1002.3 Obviously I meant “efficacious use of *metrizable* topological dynamics”. There exist proofs using non-metrizable topological dynamics (e.g. Furstenberg and Katznelson’s proof). It may not be possible, or it may require some non-commutative stuff like in the FK proof of DHJ. There is a Bergelson-Leibman proof that tried to use recurrence for continuous maps of compact metric spaces, but it was realized after the paper appeared that neither continuity of the transformations nor completeness of the space was actually ever used.

• Randall Says:

1002.4 No induction….

I think the idea I had to prove Szemeredi via Ajtai-Szem type argument using Jozsef’s formulation from comment 2 is dead in the water at k=3.5. The problem I don’t see a way around is that there don’t seem to be enough corners at k=3 to forbid enough points at k=4. Obviously not a problem for DHJ since the number of lines at k=3 is 4^k which is equal to the number of points at k=4.

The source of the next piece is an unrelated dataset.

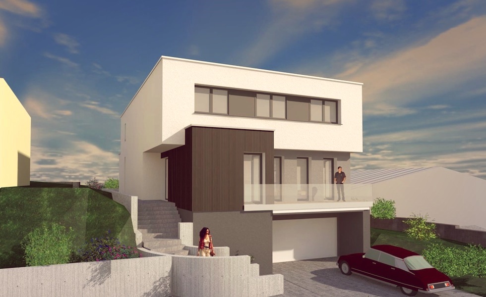 Maison unifamiliale passive (Classe AAA), en bois massif. Le rez-de-chaussée comprend un petit bureau et le séjour donnant sur un petit balcon du côté rue (ouest). La cuisine / salle à manger est orientée vers le jardin à l'est et est ouverte sur le séjour. A l'étage une bibliothèque en mezzanine donne sur le séjour et une grande baie vitrée au sud. Trois chambres pour enfants et la chambre des parents sont disposées autour de la mezzanine.

Oh well…if the above is correct (nobody checked?) it may be the simplest proof of the corner’s theorem, at least.

• Randall Says:

Hmm…I finally had a look at the above myself, and it seems to be complete garbage for (at least) two reasons…. Perhaps now I am convinced that the DHJ proof is the right one for Szemeredi after all. (Maybe.)

5. gowers Says:

Metacomment: because of more spam problems on the wiki, you now have to be registered on it and logged in if you want to edit the main page.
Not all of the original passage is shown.